By analyzing existing cross correlation between Adams Resources Energy and Diamond Offshore Drilling, you can compare the effects of market volatilities on Adams Resources and Diamond Offshore and check how they will diversify away market risk if combined in the same portfolio for a given time horizon. You can also utilize pair trading strategies of matching a long position in Adams Resources with a short position of Diamond Offshore. Check out your portfolio center. Please also check ongoing floating volatility patterns of Adams Resources and Diamond Offshore.

Diversification Opportunities for Adams Resources and Diamond Offshore

  Correlation Coefficient

Poor diversification

The 3 months correlation between Adams and Diamond is 0.67. Overlapping area represents the amount of risk that can be diversified away by holding Adams Resources Energy and Diamond Offshore Drilling in the same portfolio, assuming nothing else is changed. The correlation between historical prices or returns on Diamond Offshore Drilling and Adams Resources is a relative statistical measure of the degree to which these equity instruments tend to move together. The correlation coefficient measures the extent to which returns on Adams Resources Energy are associated (or correlated) with Diamond Offshore. Values of the correlation coefficient range from -1 to +1, where. The correlation of zero (0) is possible when the price movement of Diamond Offshore Drilling has no effect on the direction of Adams Resources i.e., Adams Resources and Diamond Offshore go up and down completely randomly.

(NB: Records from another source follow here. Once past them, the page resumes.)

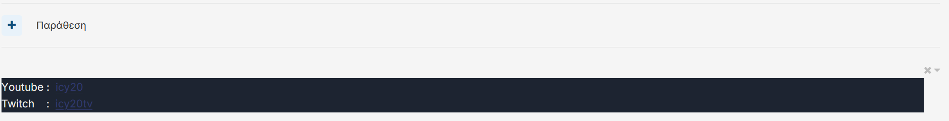icy20 1 ώρα πριν Author #3 1 ώρα πριν Βασικα θελω να ξηλωσω ολα τα μπλαμπλα και να αφησω μονο τα 2 λινκ απλα το 2ο να εχει αυτο σαν source : https://www.youtube.com/@Icy20 6 λεπτά πριν, το μέλος YDinopoulos έγραψε: Στειλε μου την σε ΡΜ να δω αν μπορω εγω να στην βαλω (την υπογραφη ε! )
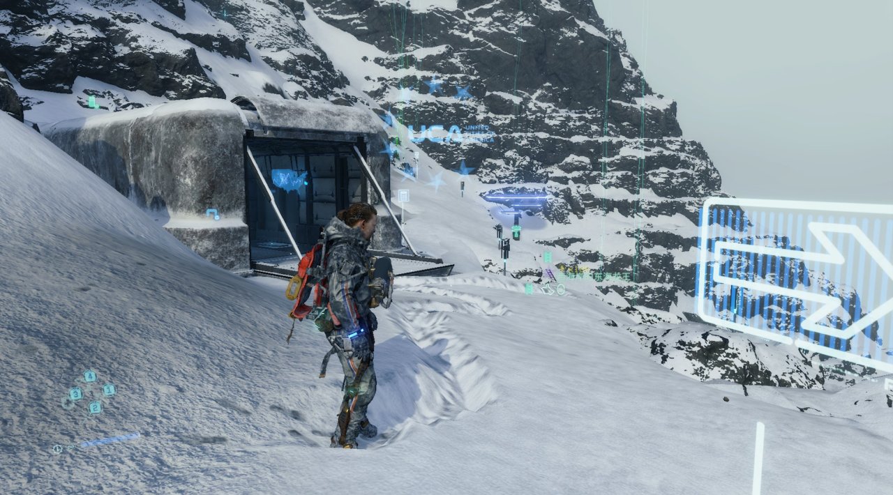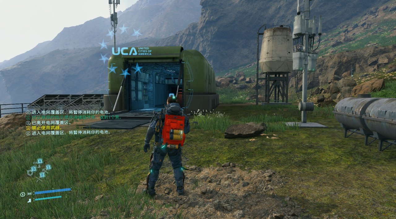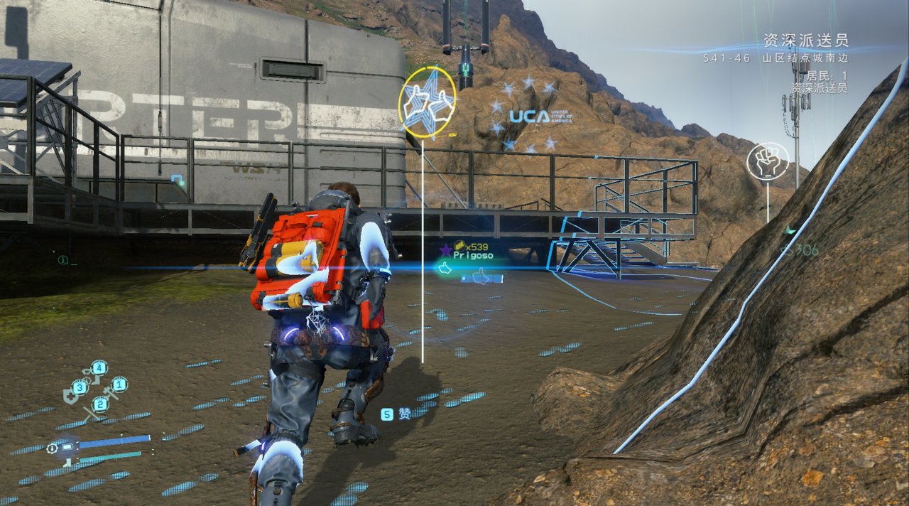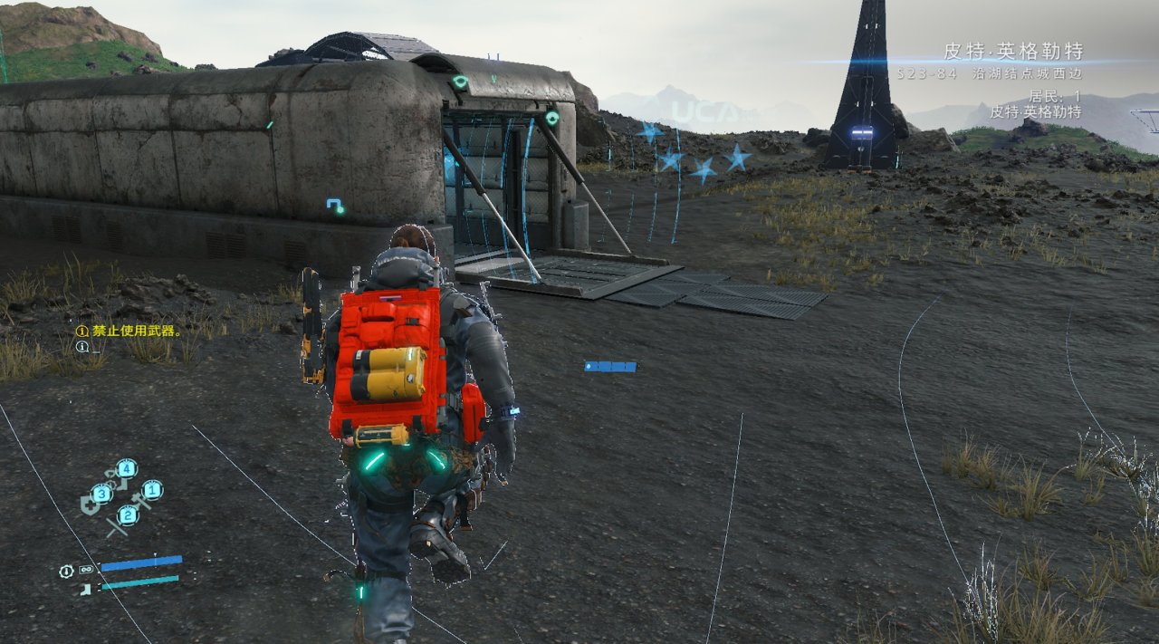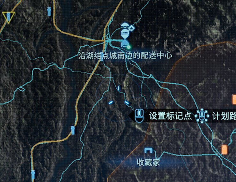这老哥藏得也是贼拉深,他在灵修者家的南边,不过我并不建议大家从灵修者那里过去。如果你修好了从山区结点城去往沿湖结点城南边的配送中心的道路的话,我们就可以开着长途摩托车从沿湖结点城南边的配送中心出发,然后慢慢爬山开到他家去。装备的话建议带上全地形骨架和黏着枪,攀爬柱。
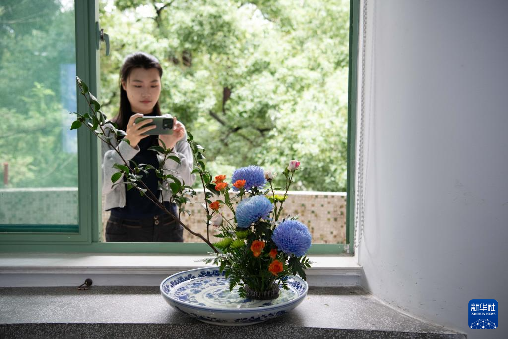 9月30日,在安徽农业大学林学与园林学院徽派插花艺术传承基地,一名大学生在拍摄付玉兰创作的插花作品。
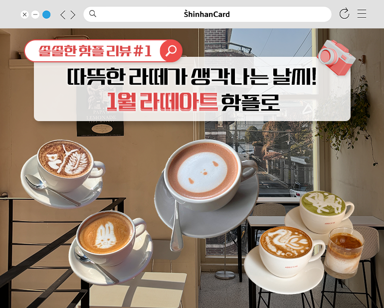 커피에 스팀우유를 이용해 빠르게 그려내는 라떼아트는 평범한 커피 한 잔을 훨씬 더 특별하게 만들어주는 마법처럼 느껴지기도 하는데요. 음료 위 작은 캔버스, 바리스타의 손끝에서 화려하게 또는 귀엽게 탄생하는 작은 그림은 놀라울 만큼 행복감을 선사합니다. 그저 음료 한 잔이지만, 반복되는 일상에 지친 사람들의 마음을 밝게 만들어 주길 바라며 쏠쏠한 핫플 리뷰 여기서 마치겠습니다. 찬바람 부는 1월, 눈도 입도 행복한 따뜻한 라떼아트 맛집으로 떠나보세요!
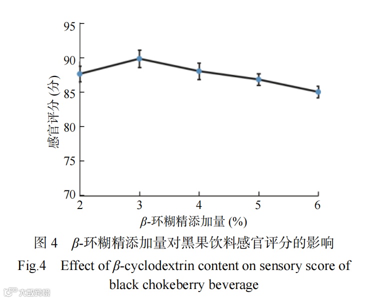 黑果腺肋花楸果汁的涩味较明显,在调配时会很大程度影响饮料的风味。β-环糊精常作为苦味物质的包埋剂,它易溶于水,可以在不影响果汁的营养成分情况下达到掩盖苦味的效果。由图4可知,当β-环糊精的添加量为3%左右时,感官评分可达89.8分,制得的饮料具有较高评分,说明β-环糊精的包埋作用能够有效减轻黑果腺肋花楸浸提汁的苦涩味。但是,当添加量高于4%时,饮料口感不好,感官评分开始下降。因此,β-环糊精的用量范围控制在2%~4%为宜,选择2%、3%、4%三个水平进行正交试验。
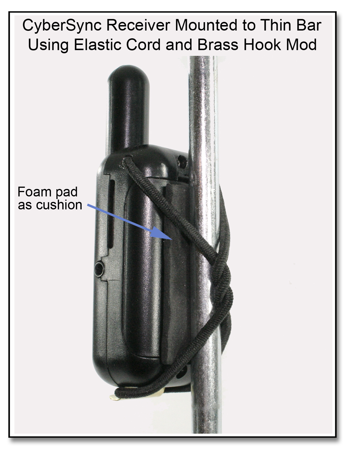 The last in the series of mountings for the CyberSync Receiver is the Elastic Cord & Brass Hook Mod. Instead of a single sided soft nylon Lanyard (just above), a length of heavy round elastic cord is used to either act as a hanging loop, or to secure the CyberSync to just about any object. The elastic is then be secured on the small brass hook embedded into the bottom of the case. Either a section of

Pair Corralation between Adams Resources and Diamond Offshore

Allowing for the 90-day total investment horizon Adams Resources Energy is expected to under-perform the Diamond Offshore. But the stock apears to be less risky and, when comparing its historical volatility, Adams Resources Energy is 1.18 times less risky than Diamond Offshore. The stock trades about -0.4 of its potential returns per unit of risk. The Diamond Offshore Drilling is currently generating about -0.01 of returns per unit of risk over similar time horizon. If you would invest  1,250  in Diamond Offshore Drilling on January 1, 2023 and sell it today you would lose (46.00)  from holding Diamond Offshore Drilling or give up 3.68% of portfolio value over 90 days.
Time Period3 Months [change]
DirectionMoves Together 
ValuesDaily Returns

Adams Resources Energy  vs.  Diamond Offshore Drilling

 Performance (%) 
Adams Resources Energy 

Adams Performance

1 of 100

Compared to the overall equity markets, risk-adjusted returns on investments in Adams Resources Energy are ranked lower than 1 (%) of all global equities and portfolios over the last 90 days. In spite of rather sound technical and fundamental indicators, Adams Resources is not utilizing all of its potentials. The newest stock price tumult, may contribute to shorter-term losses for the shareholders.
Diamond Offshore Drilling 

Diamond Performance

8 of 100

Compared to the overall equity markets, risk-adjusted returns on investments in Diamond Offshore Drilling are ranked lower than 8 (%) of all global equities and portfolios over the last 90 days. In spite of very fragile basic indicators, Diamond Offshore displayed solid returns over the last few months and may actually be approaching a breakup point.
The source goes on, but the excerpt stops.